2) Calling the issues between the agents because of model differences “terminology issues” could also work well—this may be a little like people talking past each other.
I really like this point. I think it’s parallel to the human issue where different models of the world can lead to misinterpretation of the “same” goal. So “terminology issues” would include, for example, two different measurements of what we would assume is the same quantity. If the base optimizer is looking to set the temperature and using a wall-thermometer, while the mesa-optimizer is using one located on the floor, the mesa-optimizer might be mis-aligned because it interprets “temperature” as referring to a different fact than the base-optimizer. On the other hand, when the same metric is being used by both parties, the class of possible mistakes does not include what we’re not calling terminology issues.

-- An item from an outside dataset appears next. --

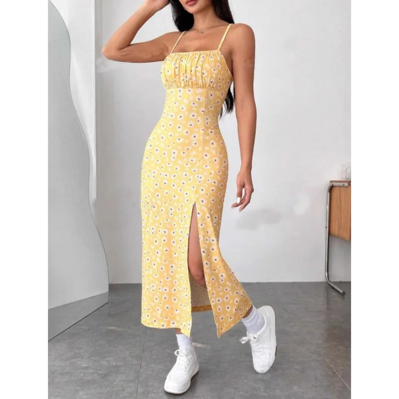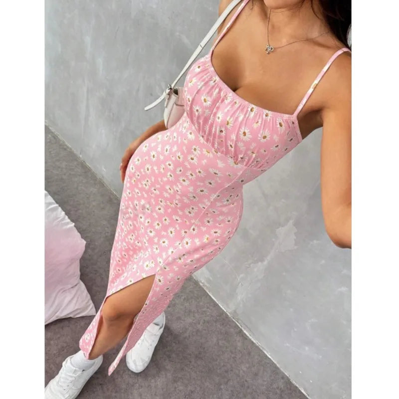 Vintage Zomerjurk met Open Rug & Zijsplit – Stijlvol en Verleidelijk!

I think this also points to a fundamental epistemological issue, one even broader than goal-representation. It’s possible that two models disagree on representation, but agree on all object level claims—think of using different coordinate systems. Because terminology issues can cause mistakes, I’d suggest that agents with non-shared world models can only reliably communicate via object-level claims.
The implication for AI alignment might be that we need AI to either fundamentally model the world the same way as humans, or need to communicate only via object-level goals and constraints.

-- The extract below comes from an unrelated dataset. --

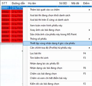 – Nhấp chuột phải vào 1 bài bất kỳ chọn Thiết lập vùng nhận dạng 4 góc của phiếu -> Căn chỉnh cùng nhận dạng vào 4 chốt ở 4 góc của phiếu

It seems like there’s a difference between the two cases. If I write a program to take the CRT, and then we both take it, and we both get the same score (and that isn’t a perfect score), because it solved them the way I solve them, that doesn’t sound like misalignment.
The misalignment here is between you and the CRT, and reflects your model being misaligned with the goal / reality. That’s why I’m calling it a principal alignment failure—even though it’s the program / mesa-optimizer that fails, the alignment failure is located in the principal, you / the base optimizer.
Separate from my other comment, I want to question your assumption that we must worry about an AI-takeoff that is exponentially better than humans at everything, so that a very slight misalignment would be disastrous. That seems possible, per Eliezer’s Rocket Example, but is far from certain.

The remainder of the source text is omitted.